What is needed =
All of the lines below are to be transcribed faithfully, with pictures excluded from the copy.

*** Supplied data

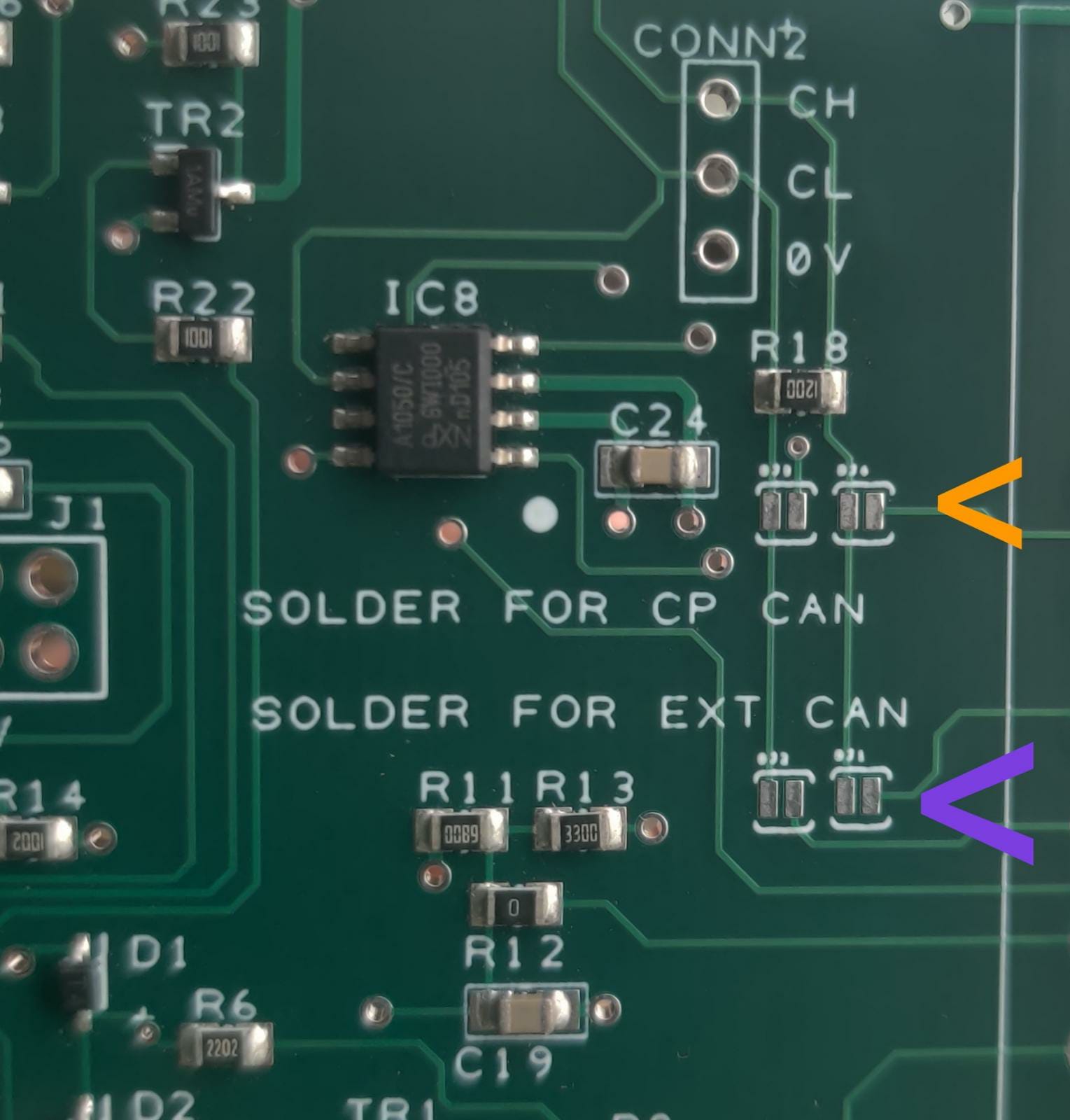 EXT CAN was soldered on 1st board, CP CAN was not soldered, upon further investigation noted the following: pins 34 & 35 for CP CAN are not used
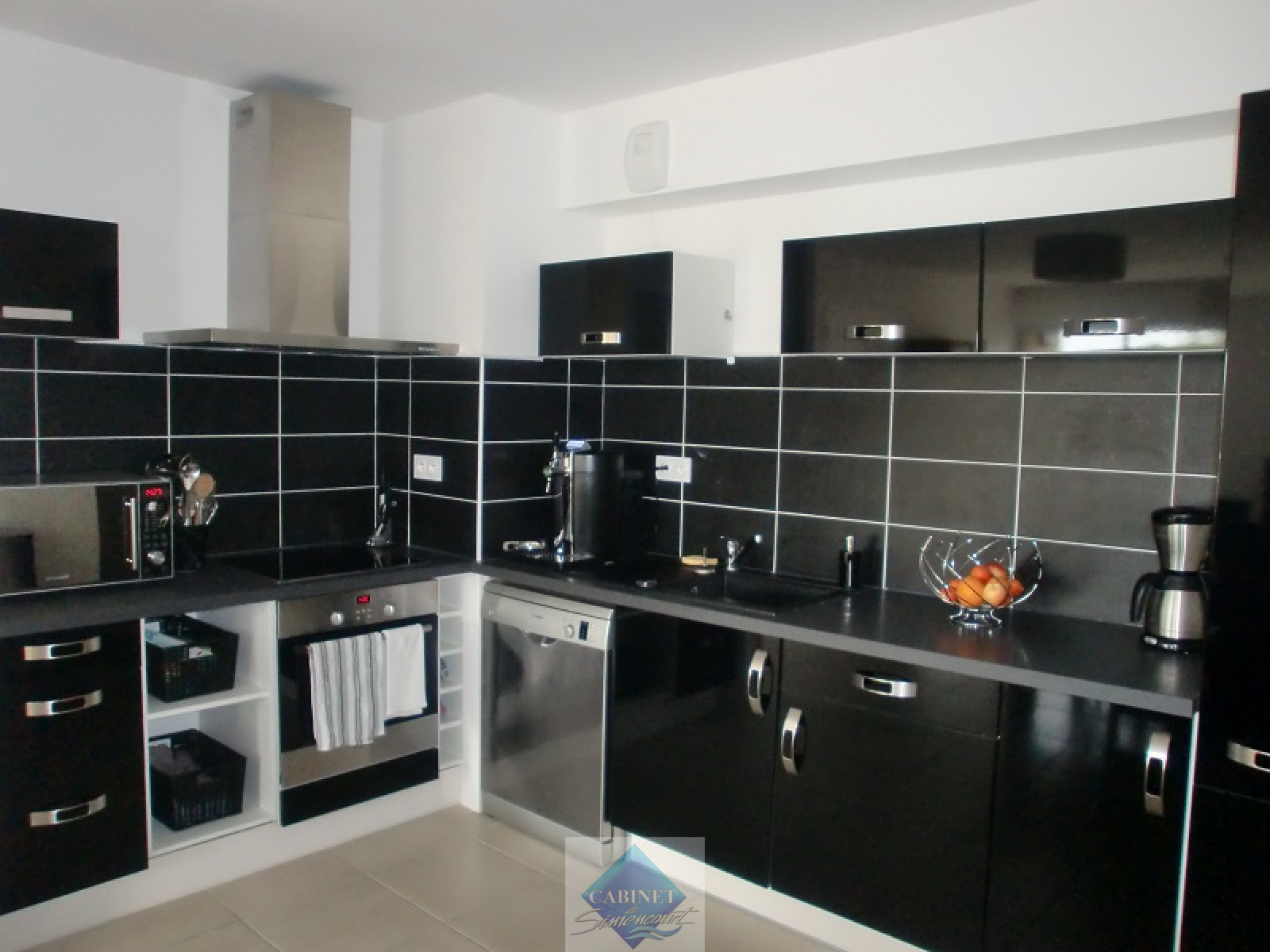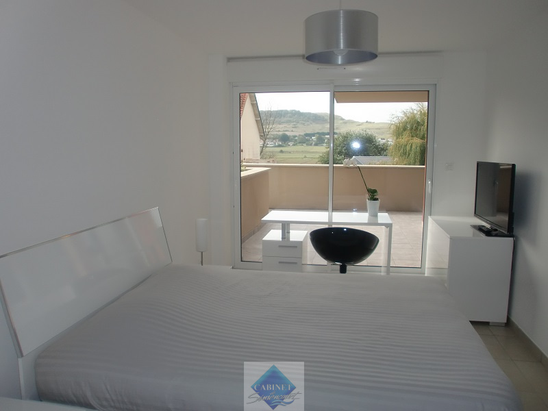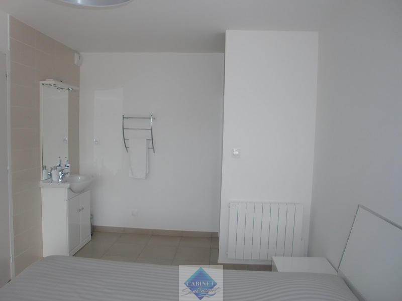 Appartement vue mer, au 1er étage, comprenant une entrée avec placard, un séjour coin cuisine équipée et aménagée, une salle de douche, un wc, une chambre avec placard, une chambre avec douche et meuble vasque, chauffage électrique, terrasse, cave et place de parking. Libre de suite. Les frais d'agence sont de 450 €. Plus de renseignements au 06.80.98.18.25
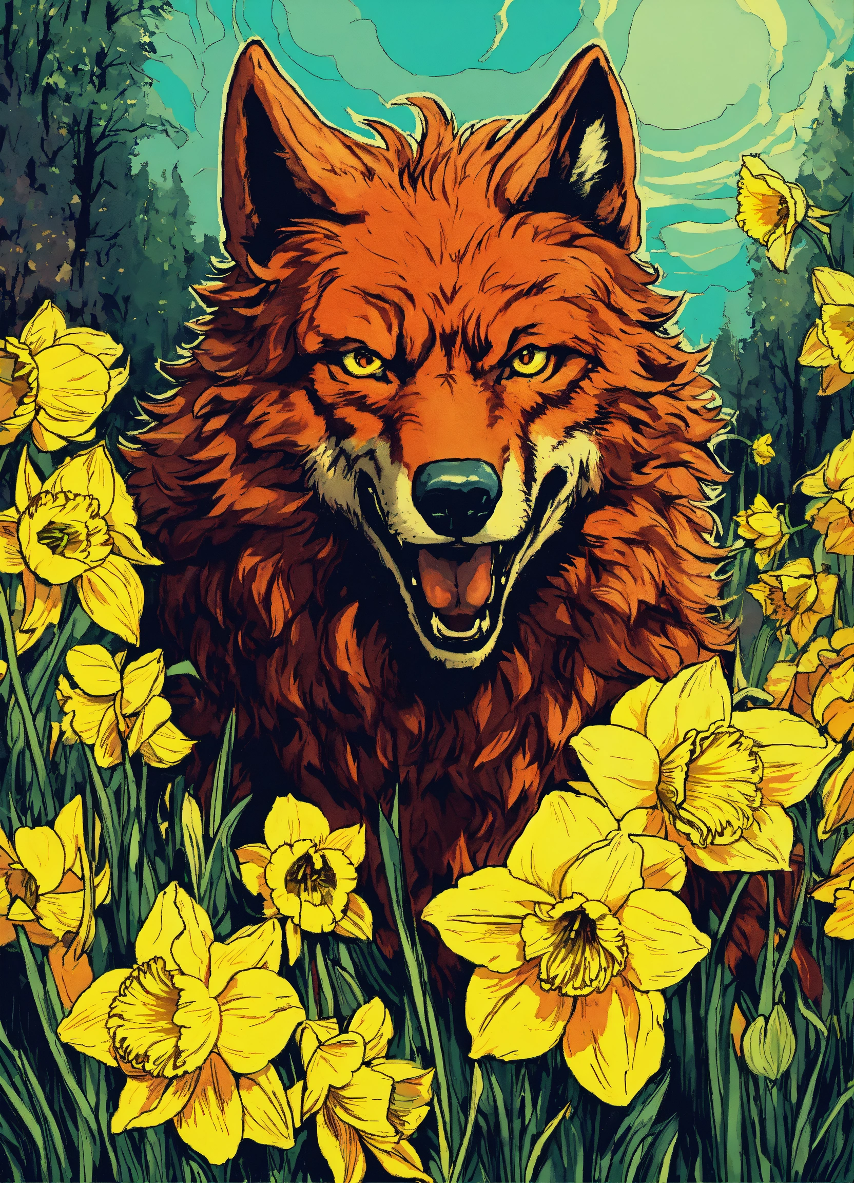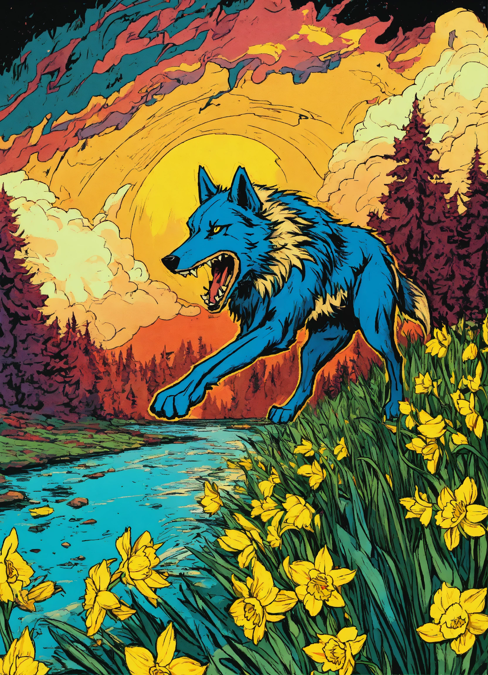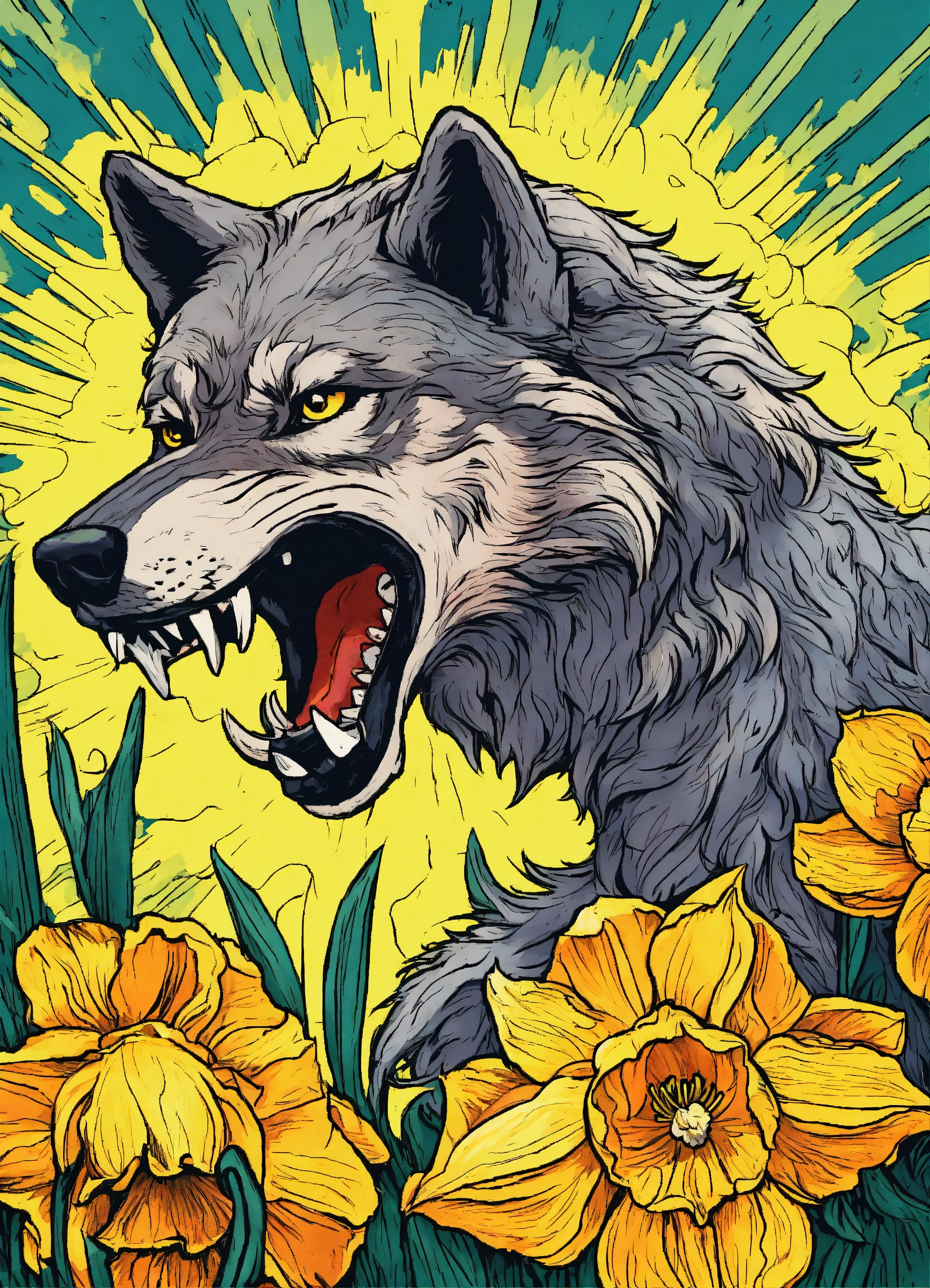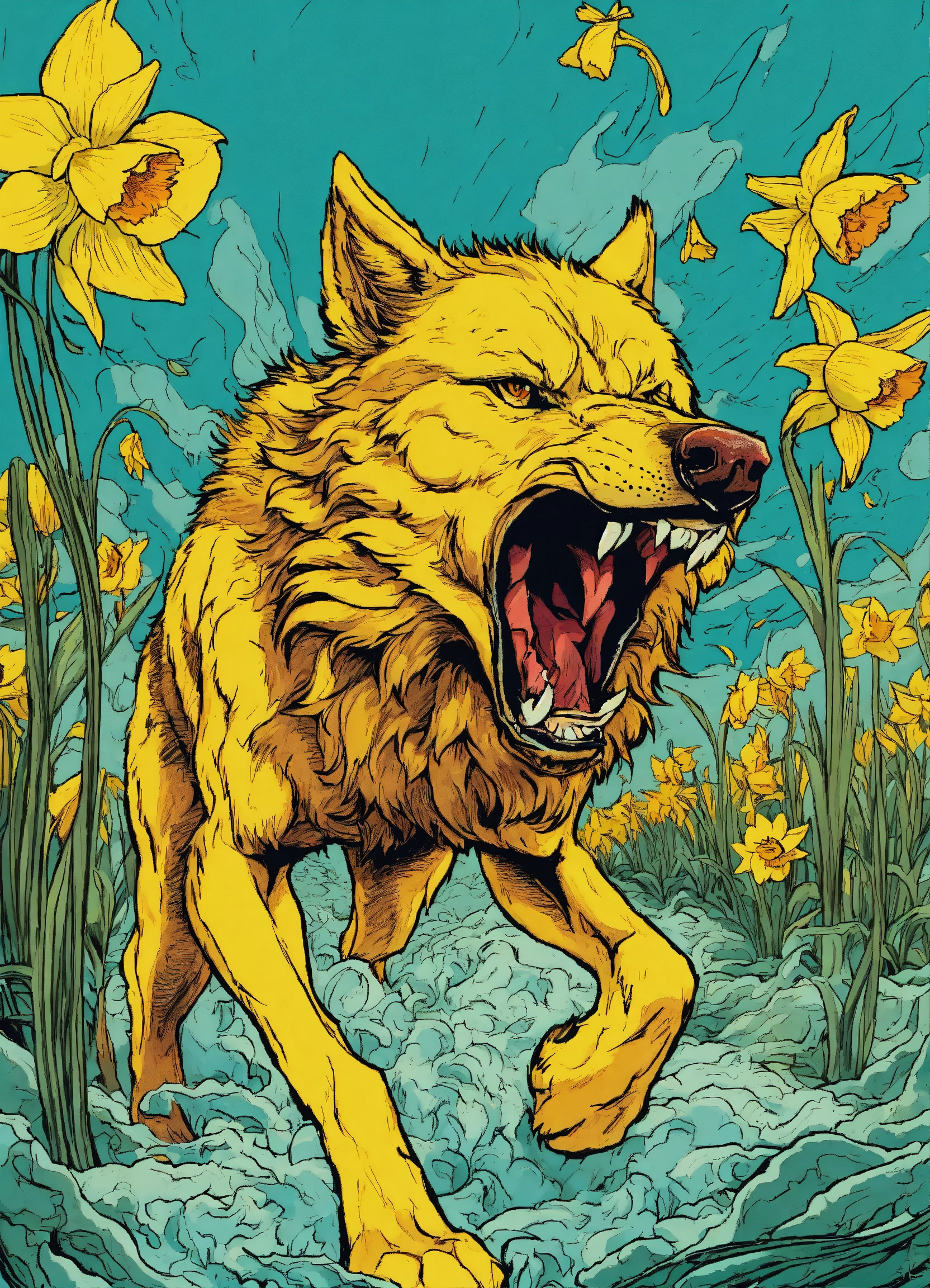 An enraged wolf dive into the daffodil. comics
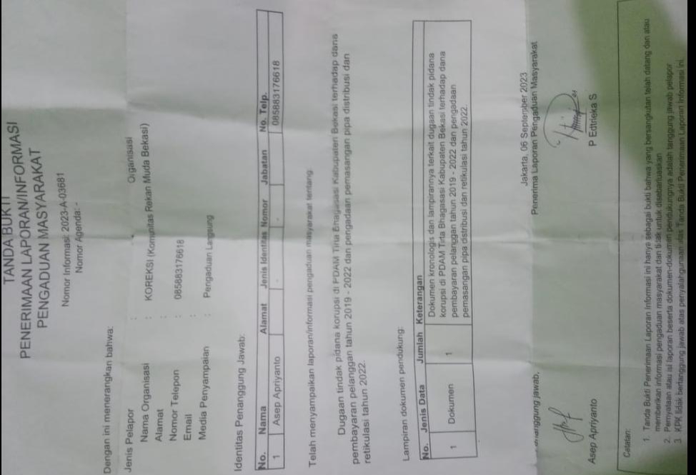 Jakarta, SIBER88.CO.ID_ Ketua tim Investigasi WN88,Asep Apriyanto, minta Kejari kabupaten Bekasi dan Komisi Pemberantasan Korupsi (KPK) segera menindaklanjuti laporannya tertanggal 14 September 2023 lalu, perihal dugaan gratifikasi dan korupsi di Perumda Tirta Bhagasasi yang terkesan masuk angin.

******

Response to the task =
 EXT CAN was soldered on 1st board, CP CAN was not soldered, upon further investigation noted the following: pins 34 & 35 for CP CAN are not used
 Appartement vue mer, au 1er étage, comprenant une entrée avec placard, un séjour coin cuisine équipée et aménagée, une salle de douche, un wc, une chambre avec placard, une chambre avec douche et meuble vasque, chauffage électrique, terrasse, cave et place de parking. Libre de suite. Les frais d'agence sont de 450 €. Plus de renseignements au 06.80.98.18.25
 An enraged wolf dive into the daffodil. comics
 Jakarta, SIBER88.CO.ID_ Ketua tim Investigasi WN88,Asep Apriyanto, minta Kejari kabupaten Bekasi dan Komisi Pemberantasan Korupsi (KPK) segera menindaklanjuti laporannya tertanggal 14 September 2023 lalu, perihal dugaan gratifikasi dan korupsi di Perumda Tirta Bhagasasi yang terkesan masuk angin.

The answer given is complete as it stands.